For what it’s worth, I deem: ‘Why does God exist (i.e., “stand forth”)?’ = ‘Why does God create?’ = ‘Why does God exist as Creator and Lord Jesus Christ?’
The last of these questions is really the most sensible formulation, at least in my opinion. I can’t answer the first, why He exists, beyond asserting why He can’t not exist, stating that existence, or standing forth – presenting – already entails something potentially stood-forth-to/in, and therefore implies something prior, grounding and allowing relation. And any sort of relation requires a diversity, a manyness – at least twoness – that runs contrary to simple oneness; relation necessitates division, a split, side(s).
‘Relate’ = ‘re-’ (back, again) + ‘latus’ (used as suppletive pp. of ‘ferre’ (to bear); and, coincidentally, a Latin word for ‘side’ is ‘latus’ (carried, borne), while ‘ferrum’ is a Latin word for something solid that splits things, ‘sword’. Oh, and di-vision* is just double vision – from L. videre, meaning either to see (sight; knowledge) or to separate (se = self; root par- = equal) – or knowledge of two, which implies two things, i.e., at the least, two “images”/senses of the same thing. Relation, be it of the visual or epistemic sort, somehow stands as a unity among, at minimum, two units, co-responding acts of relating.]
And so an act or process of relation itself must consist (pace ex-sistere, con-sistere, meaning to come/cause to stand together) of, like the visual relation, at least two units/participants within it, somehow making it up, or in (yet) other words, creating it. ‘Why does God create?’ asks for His intention, what He has in Mind. If, as we believe, God is Essentially One, then the intentional relation is impossible for Him unless the very relation is creative, an act of creatio ex nihilo (though perhaps more accurately dubbed creatio per se (through itself) or creatio… intima (inmost)? interneca (between the center; from within)? intestina (inside/internal, esp. w/in or re: a body)? His relating to Creation is His creating; and His relating is also His knowing, which is traditionally conceived as actively causal, not passively receptive, knowledge. Relating, creating, and knowing are all simultaneously one in God. As it turns out, the knowing relation to creation need not presuppose creation, because it ontologically proceeds from it, much in the same way a line segment can only be defined by postulating two independent end-points, proceeding as an infinitely divisible connection between them. The intuitive answer to the first question appears to conflict with the paradox of the second.
He is what (Whom) He is, because He knows what He knows; moreover, He is His Knowledge, a perfect – thus absolutely desirable and worthy of love, or good – knowledge, which might describe why and how He creates. He has Himself in (as) Mind; He intends Himself. Love (Spiritual) is constituted by both a first knowing (Intellectual) and posterior desiring (Volitional), and love is most perfectly creative, generative, and productive. God’s willful knowledge of Himself causes, or is identical to, His being One with and conceiving of Himself, that is, begetting the Son of God, Whom is One in Being with the Father. Thus were there Two in One, viz., two in one act of causative self-knowledge, then naturally making three in one, persisting to spiral forth ad infinitum like the Fibonacci Sequence (1, 1, 2, 3, 5, 8…). One united infinity of infinitesimals.

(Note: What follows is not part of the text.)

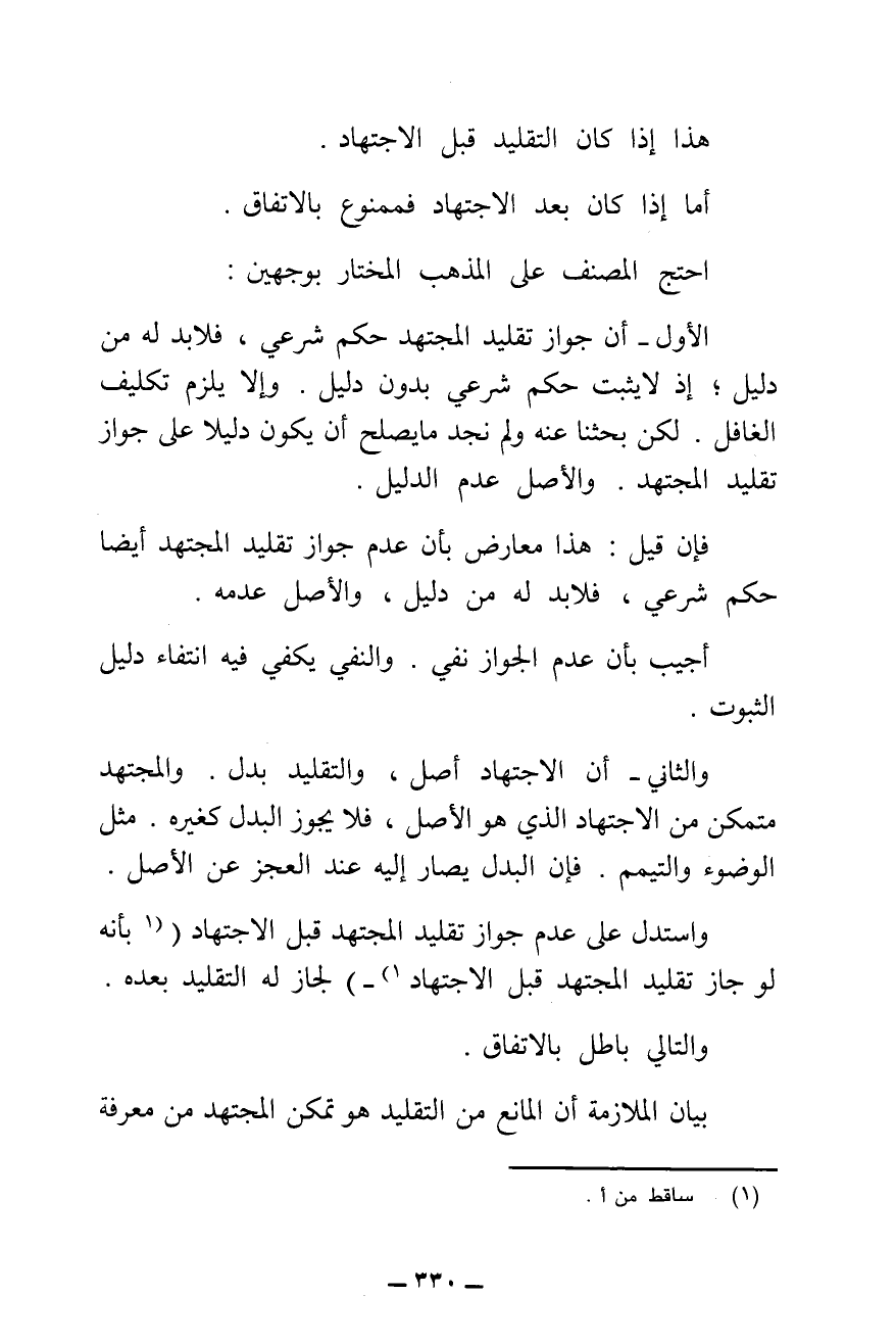 الْأَوَّلُ: أَنَّ جَوَازَ تَقْلِيدِ الْمُجْتَهِدِ حُكْمٌ شَرْعِيٌّ، فَلَا بُدَّ لَهُ مِنْ دَلِيلٍ، إِذْ لَا يَثْبُتُ حُكْمٌ شَرْعِيٌّ بِدُونِ دَلِيلٍ، وَإِلَّا يَلْزَمُ تَكْلِيفُ الْغَافِلِ، لَكِنْ بَحَثْنَا عَنْهُ وَلَمْ نَجِدْ مَا يَصْلُحُ أَنْ يَكُونَ دَلِيلًا عَلَى جَوَازِ تَقْلِيدِ الْمُجْتَهِدِ، وَالْأَصْلُ عَدَمُ الدَّلِيلِ.

So why does God exist as Creator and Lord Jesus Christ? It’s only fitting that God’s ultimate existence within His vast creation comes in the material form of Man, Imago Dei, directly at the gaping center of it all, suffering at the most proudly delicate, side-splitting, and twistingly divisive of spots, a speck within a possibly infinite universe between heaven and hell – yet maintaining rational dominion over and among his earthly home and its inferior inhabitants, (re-)claiming the peak with uniquely specific diversity, enlightening, industrious knowledge, and freely reproductive conception.
*Vision (properly) occurs in man as a perceptual synthesis of two distinct images, as a result of his naturally possessing two eyes, thereby seeing in terms of a brain-interpreted unity of two (slightly) differing perspectives toward one self-identical (equal per se) object. One advantage of having two eyes is that a greater amount can be seen of any divisible, material thing than would have been possible from any single point (i.e., 3-D, stereoscopic vision); another is that sight remains possible, albeit in limited capacity – a la the Fall – in the event that one of them is injured/blinded. For one reason or another then, it seems, man’s knowledge is only mediately singular and unified after differentiated sense-data; it’s always, like himself, a unified composite permitting of abstract analysis into self-insufficient parts, or ex post facto, ex uno derivable co-principles.